Fatigue model based on average cross-section strain of Cu trace cyclic bending

This study focuses on quasi-static mechanical cycling durability of copper traces on printed wiring assemblies (PWAs). PWA specimens populated with Land Grid Array (LGA) components on copper-defined pads were cycled to failure under zero-to-max, three-point bending. Failure is defined in terms of electrical opens due to fatigue damage propagation through the entire cross section of the trace. Failure statistics were collected and failure analysis was conducted to identify fatigue failures in the copper traces, near the connection to the solder pad. Cyclic bending of this assembly was modeled with 3D, elastic-plastic, finite deformation (geometrically nonlinear) finite element analysis. Due to the complexity of the geometry, a two-step global-local approach was used to identify the cyclic strain history and the mean stress at the copper trace failure site. A generalized strain-based fatigue model is proposed, to characterize the fatigue durability in terms of the amplitude of cyclic strain and the cyclic mean of the hydrostatic stress. The strain and stress values are averaged over the entire cross-section, to be consistent with the failure criterion defined above. Average cross sectional model constants are iteratively estimated by ensuring that they are simultaneously compatible with both the durability test data and the copper stress-strain curves used in the FEA (finite element analysis).
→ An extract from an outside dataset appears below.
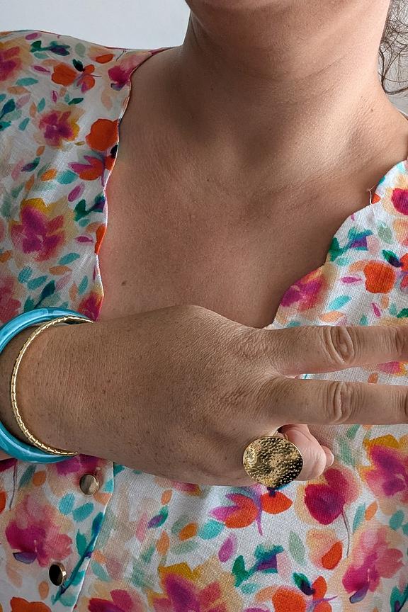 Ajoutez une touche d'élégance à votre tenue avec cette bague raffinée. Associez-la à un chemisier en soie pour un look sophistiqué parfait en toute saison. • Bague en acier inoxydable • Doré à l'or fin • Design tendance et durable • Finition martelée • Taille ajustable

To make better use of time, a Response Surface (RS) was created after a study determined certain key constants varied reasonably linearly with each other from model to model. This RS was used for the actual iteration. The important impact of this study includes insight into copper trace failures in PWAs under mechanical cycling, a quantitative model to predict its occurrence, and validated guidelines to prevent it by design.